Just finished reading Being German Canadian, which was released this past May by the University of Manitoba Press. This collection of essays by various academics contains writing styles that vary from hard-to-digest to accessible. Writing style aside, I recognized a fair bit about my own experiences as part of the immigrant community.

I already knew that Canada's prime minister, Lyon Mackenzie King, had been a Hitler supporter . . . but reading it in this book underlined it for me. I was also fascinated with how one of the contributors connected the German intergenerational guilt with the contemporary Canadian reconciliation with its own blemished past . . . the treatment of Indigenous Peoples who lived here before the European invasion. 

I love when a book sends me off to research in another direction. This time, I want to look at the 1968 student riots in West Germany which became the turning point for that country's efforts to educate its own about the atrocities of the Holocaust. It's something that the immigrants to Canada missed out on. 
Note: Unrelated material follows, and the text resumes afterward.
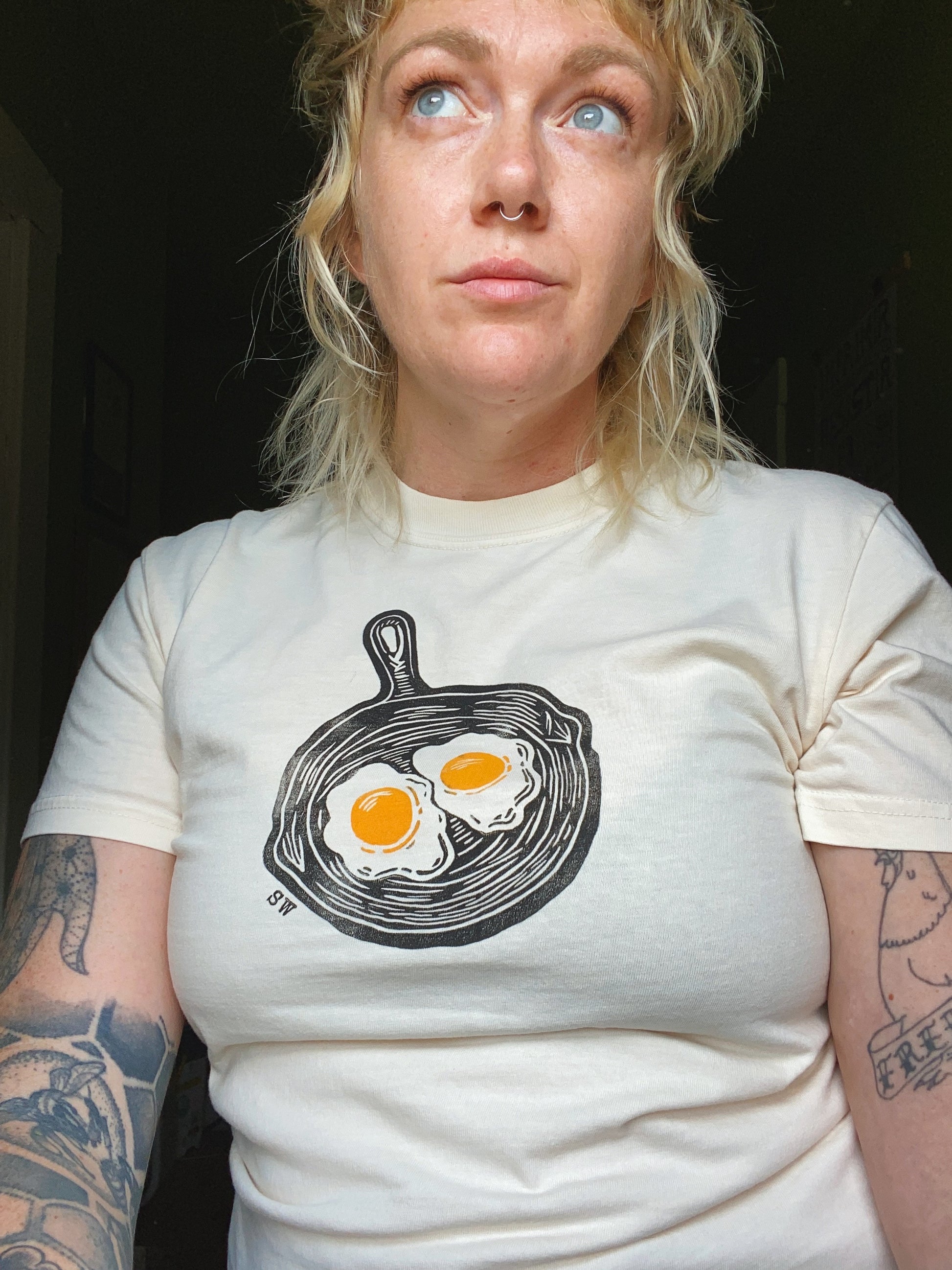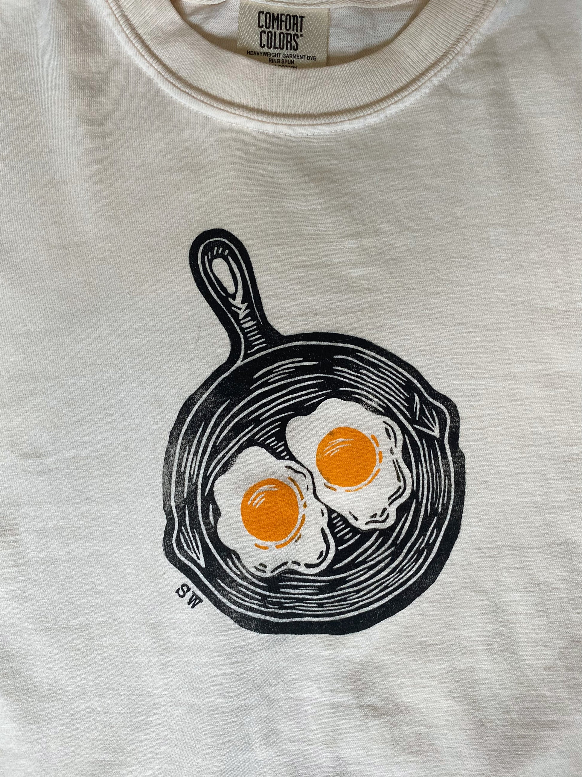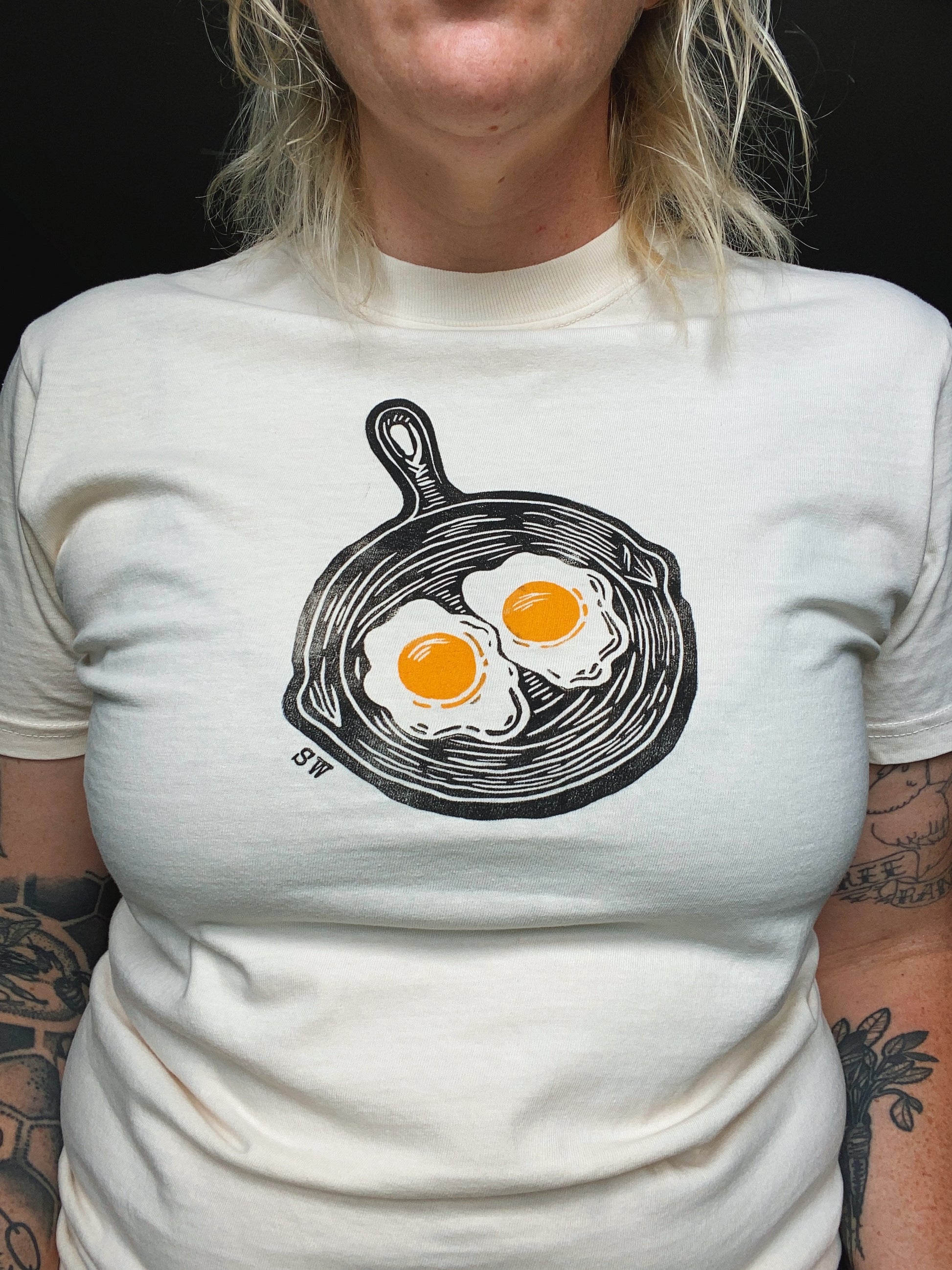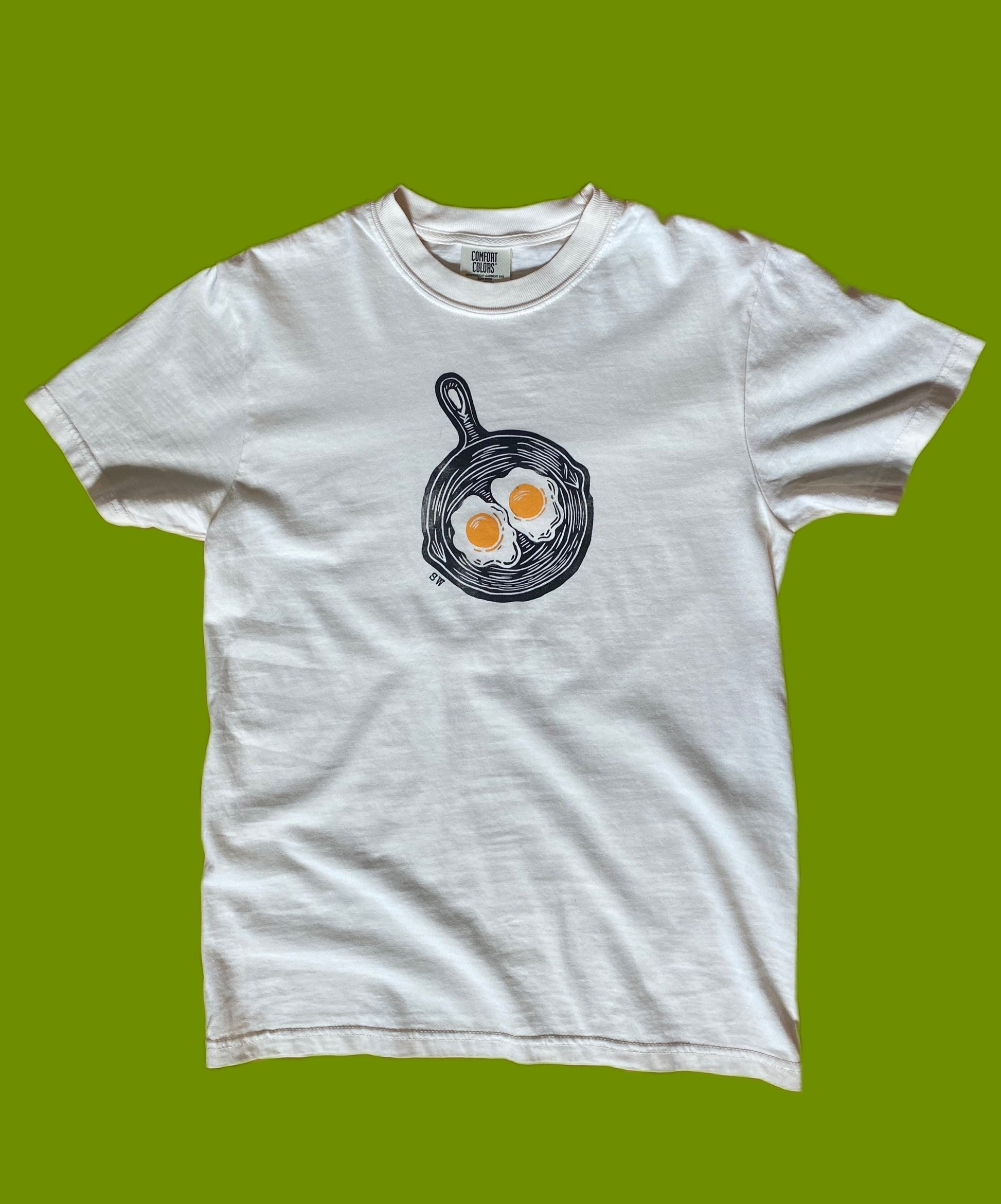 Start your day sunny side up! This hand printed t-shirt features a hand carved skillet design with two bright, happy eggs. Perfect for cast iron lovers, breakfast enthusiasts, or anyone who appreciates a good golden yolk.

In spite of some essays with challenging/off-turning (to me) academic prose, I recommend this book to those interested in the German-Canadian experience. If you read only a part, then read the Afterword by Roger Frie.

This book reaffirms for me the power of novels and my favourite Kipling quote (sub-heading on my blog). Dry facts are fascinating, but on their own they lack the power of engagement that an empathetic character can provide. Some folks see fiction as untruths, I see fiction as a way to illustrate truths. 

Okay, now on to explore those 1968 German student riots. I’m glad somebody’s writing nonfiction. I guess we do need all kinds of writers . . . researchers, historians and novelists. . . to figure out who we are, where we came from, and where we might be going.